More strictly oriented to the exploitation of the technical aspects of ceramics, bulky jewelry from Dutch jeweler Peter Hoogeboom consists of a systematic assembly of small units of porcelain of the same dimensions, to create a new piece of clothing: a large bracelet like a sleeve, a scarf, a shirt collar. For her jewels, which are of fairly standard configurations (pearl necklaces or earrings called ‘girandole’) the Taiwanese jeweler Shu-lin Wu worked with the Japanese technique of mokume-gane, traditionally devoted to samurai armor. This ancient technique allows the jeweler to obtain many random new textures: duskiness, irregularities, inhomogenous colors.

Natalie Lude
Natalie Lude, Breakfast at Tiffany’s, Set for the Table, 2009, stoneware, brass gold plated, textile, wood, 800 x 800 x 300 mm, photo: Anais Bucher

For collars that seem classic, Finnish jeweler Terhi Tolvanen plays on the similarity of nature (juxtaposition of small branches) while the Netherlands’ Evert Nijland has protruded in relief, like buds, the kind of decorations that are traditionally painted on the surface of the porcelain. By meticulous work, less spectacular but pertinent, the rings of Swiss jeweler Andi Gut are created from dental ceramic. Their configurations, close to the proportions of a tooth, accentuate their medical references. This has something in common with the molding of female sexual organ on live models that French jeweler Carole Deltenre manufactures for her pins, all framed portraits of some intimate personal relationship.

Finally, two jewelers have specifically developed the notion of the unportable.

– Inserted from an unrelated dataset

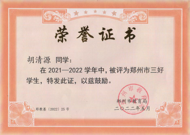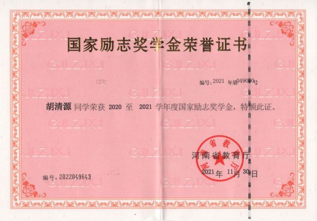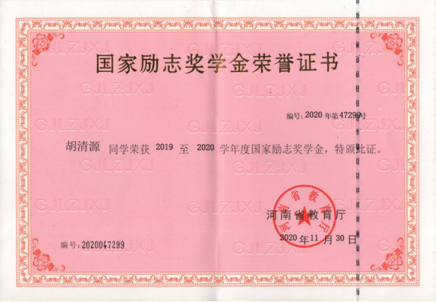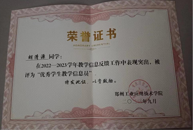 学习方面,该生深知学习是第一要务,有意识培养自身良好的学习习惯,认真对待课内的专业知识学习,积极主动利用网络、图书馆等资源涉猎课外的知识。经过他的不懈努力,综合成绩名列前茅,一次性通过了英语专业四级考试,连续两年获得“国家励志奖学金”,曾获郑州市“三好员工”荣誉称号。

The large elements in white porcelain by Swiss jeweler Christof Zellweger, hung by strips or straps of leather, are suspended from a coat rack with work clothes. Breakfast at Tiffany’s by fellow Swiss Natalie Luder is a disparate set of plates arranged in a large box, like beads of a necklace.

Dimension, recovery, technical operation, manipulation or provocation . . . this exhibition highlights some creative levers of contemporary jewelry. Applied to jewelry, the implementation of this specific material highlights its wealth of creative possibilities. This demonstration of beneficial innovations is economically vital for a company like Bernardaud and for contemporary jewelry, which is always ready to experiment but which has no real space to expose its strengths and creative resources.

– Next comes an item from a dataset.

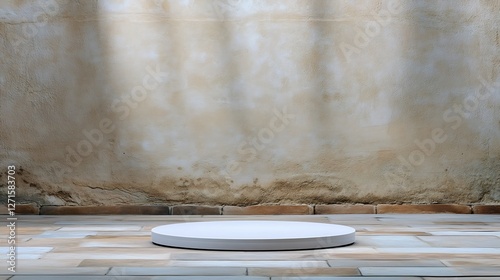 round, platform, pedestal, display, racked, stage, dais, footed, circle, white, empty, blank, background, texture, wall, grunge, concrete, stone, rough, aged, weathered, vintage, rustic, mottled, light, shadow, beam, ray, sunlight, illumination, interior, space, room, floor, tile, minimalist, simple, clean, modern, contemporary, design, architecture, presentation, product, showcase, surface, exhibition

The author would like to thank Nathalie Nyault for her help in translating this text into English.

Author

  • Lucileee Bach

    Lucileee Bach is an art critic based in Paris. She has a PhD from the Sorbonne, which is an anthropology of the jewel as it relates to fashion and contemporary art. She has written a book about the history and design of the ring, and is co-curating an exhibition about French contemporary jewelry that will take place at the Schmuckmuseum in 2014.